With the ever growing influence of media, most Americans are no stranger to an ‘amazing’ story.  Every day, we are told about incredible people, how they have survived a tragedy or changed the world.  Sometimes, movies and books are made about these people, nearly de-sensitizing the viewer of these stories.  I consider Daniels to be one fo these amazing people, having survived more than most can imagine, and he continues the fight for human rights today.  This being said, I was not prepared for how different of an experience listening to him speak in person would be from hearing about his life from an outside source.

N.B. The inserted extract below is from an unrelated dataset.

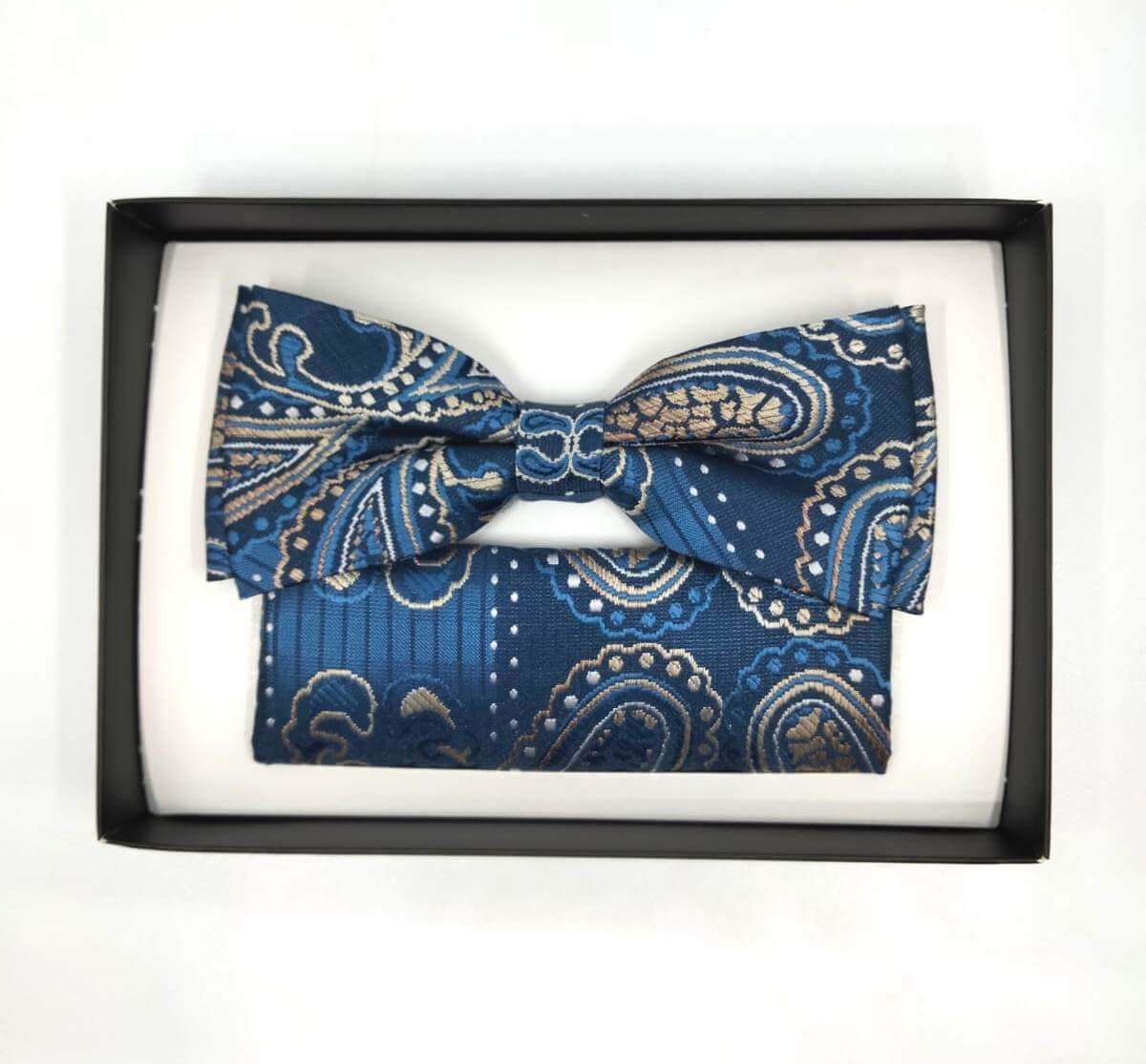 Unikatowa mucha w zestawie z poszetką niebieska w brązowo białe wzory.

Daniels shared several stories, from both his youth and time in prison, and is very humble about his experience with the Liberal Party in South Africa.  Born ‘colored’ in District 6 of Cape Town South Africa in 1941, the apartheid government had a strong impact on Daniels and his family.  Unable to finish high school so he could work, Daniels had many jobs in his youth, including deep-sea fisherman, diamond miner, and photographer.  However, Daniels saw the injustice that South Africans who were not labeled ‘white’ faced.  Generation after generation of farm workers were paid in alcohol, forcing alcoholism to become a problem in many families and communities. Children, such as Daniels, could not finish school because their families needed them to work.  Eventually, people were even forced out of their homes, because the white government would claim those districts as ‘white’ districts.  This happened with District 6, forcing Daniels family to move from their home. 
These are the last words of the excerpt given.